The Doctrine of Inducement has been into use by the courts of the United States to deal with
intermediaries. This doctrine is used for determining as to whether an intermediary in any manner
presents or promotes itself to infringe copyrighted material. The US Supreme Court in MGM Studios v.
Grokster Ltd., unanimously expounded this principle. It held that if there is willful absence of a check on
usage of a platform/intermediary and is being affirmatively promoted for file sharing; it is inducing
copyright infringements and vicariously contributes in a bid to earn profits. Under the Doctrine of
Contributory Infringement, the intermediaries are also held liable for their contributory infringements.
They also contribute to copyright infringement for the very reason that they gain profits out of such file
sharing between the users. They may not control millions of users but it can certainly put content filters
and reduce copyright infringements. These two doctrines have established the modus operandi for the
courts in the US to deal with copyright infringement routed through intermediary platforms.

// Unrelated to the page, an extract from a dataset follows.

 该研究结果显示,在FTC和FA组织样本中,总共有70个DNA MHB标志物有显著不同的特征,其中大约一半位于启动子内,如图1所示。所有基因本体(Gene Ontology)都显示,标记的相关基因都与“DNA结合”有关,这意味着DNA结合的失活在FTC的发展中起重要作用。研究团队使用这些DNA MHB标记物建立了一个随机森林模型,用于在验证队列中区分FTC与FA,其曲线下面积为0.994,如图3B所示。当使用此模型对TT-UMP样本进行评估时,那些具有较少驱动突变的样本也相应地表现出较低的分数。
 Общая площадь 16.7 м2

Directives of the European Union on copyright and enforcement of intellectual property rights enables a
right holder to seek injunction against the online intermediaries who purportedly invigorate violation of
their intellectual property rights. Similar to the John Doe order granted in India in the case of Taj
Television case, the right holder can seek injunction against apprehended anonymous copyright infringers
using the intermediary platform. It is the only way through which the anonymous infringers could be
brought under one umbrella. The intermediaries are also granted safe harbours through the EU E-
Commerce Directive. As the name suggests Safe Harbours grants exemption to the intermediaries if it
plays a passive role in a transmission which leads to copyright infringement. Under Article 12 of this
directive, role played by the intermediary will be regarded as Mere Conduit if it has not (1) initiated the
transmission: (2) selected the recipient of the transmission: (3) selected or modified the information
contained in the transmission. The EU model is quite similar to the practice followed in India currently.

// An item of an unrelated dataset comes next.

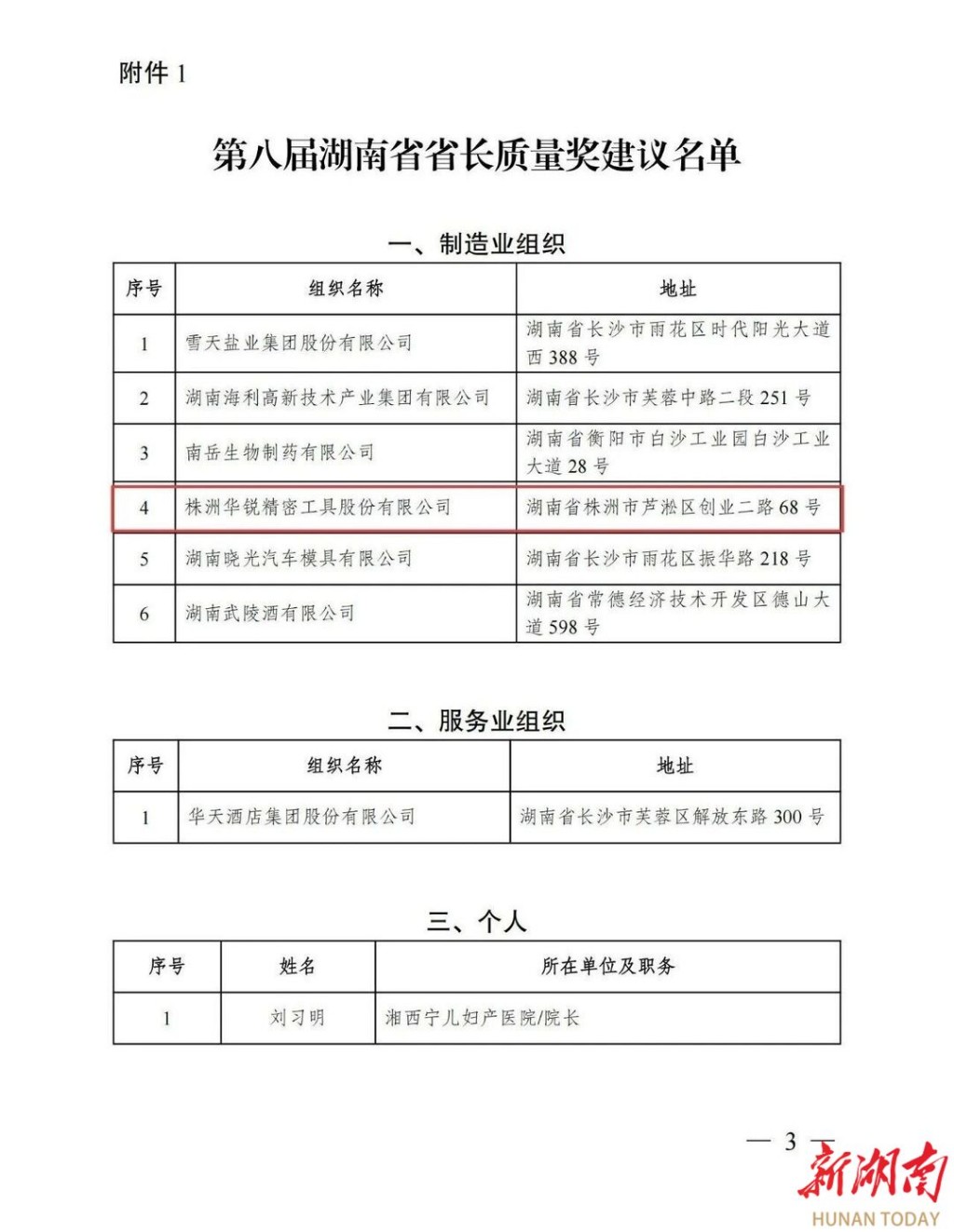 近日,根据《湖南省省长质量奖管理办法》(湘政办发〔2021〕34号)规定,在组织和个人自愿申报、各市州人民政府推荐基础上,湖南省省长质量奖评审委员会办公室完成了初审核查、受理公示、材料评审、现场评审、顾客满意度测评、综合评价等环节工作,位于芦淞区的株洲华锐精密工具股份有限公司成功上榜建议名单,为株洲唯一上榜企业。

They seem to be cut from the same cloth.

THE WAY FORWARD

The Social Media aggrandizement the globe is witnessing right now is unprecedented. It is estimated that
around 3.6 billion people are currently active on various social media networks in the year 2020. In India,
the Right to Privacy has been read under Article 21 of the Constitution of India as a fundamental right in
the K. Puttuswamy case. For constricting the copyright infringements looming on various social media
intermediaries like Telegram, it is very pertinent to realize the fact that it is going to be a very daunting
and harrowing task for anyone to pin down the plentitude social media users for sharing copyright
protected contents on intermediaries. The most practical problems will be that of sniffing out the
anonymous users and then the concern of privacy of an individual.

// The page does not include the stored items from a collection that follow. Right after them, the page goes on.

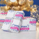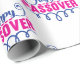 Ein glückliches Pessach-Umschlagpapier in rosa und blauer Schrift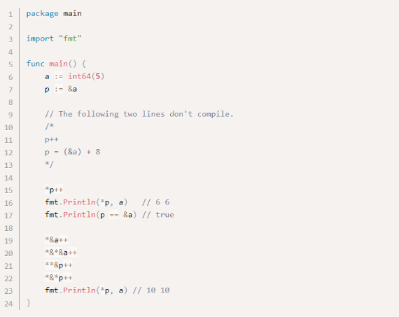 В Go указатели не могут выполнять арифметические операции. Для указателя p и p++ оба p-2 являются незаконными.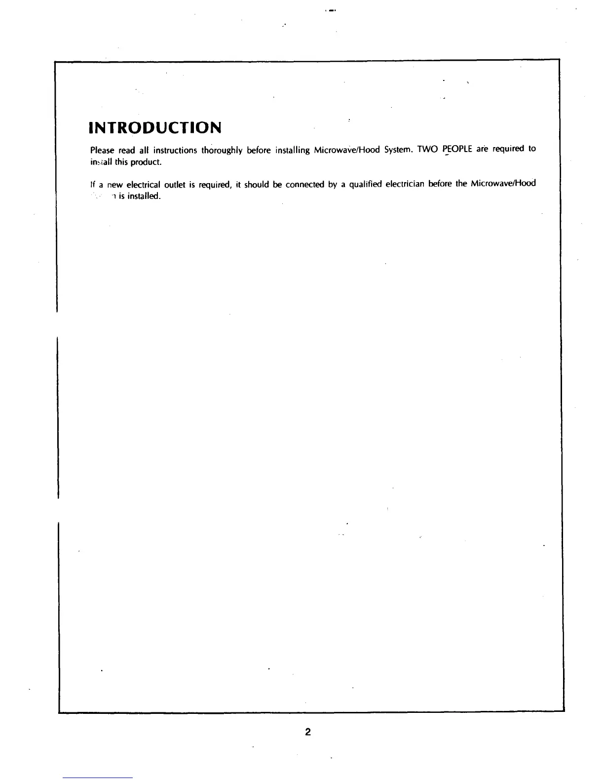 Please read all instructions thoroughly before installing Microwave/Hood System. TWO PEOPLE are required to

The most expedient way forward is to go behind and knuckle down the intermediaries such as Telegram
who are in a way emboldening copyright infringements through their platforms. There should be a
compulsory introduction of a content filter which keeps a check on the activities being performed on the
platforms. If there is an absence of checks like introducing content filters then such an intermediary
should be held liable as to induce copyright infringements by applying the Doctrine of Inducement as
used in the United States. Application of the Doctrine of Contributory Infringement will help tightening
the screws on the intermediaries who are promoting themselves without having any kind of content filters
for reducing copyright infringements and gaining profits out of such usage. Thus, introduction of content
filters on various intermediary platforms (specifically Telegram) should be made a mandatory regulation.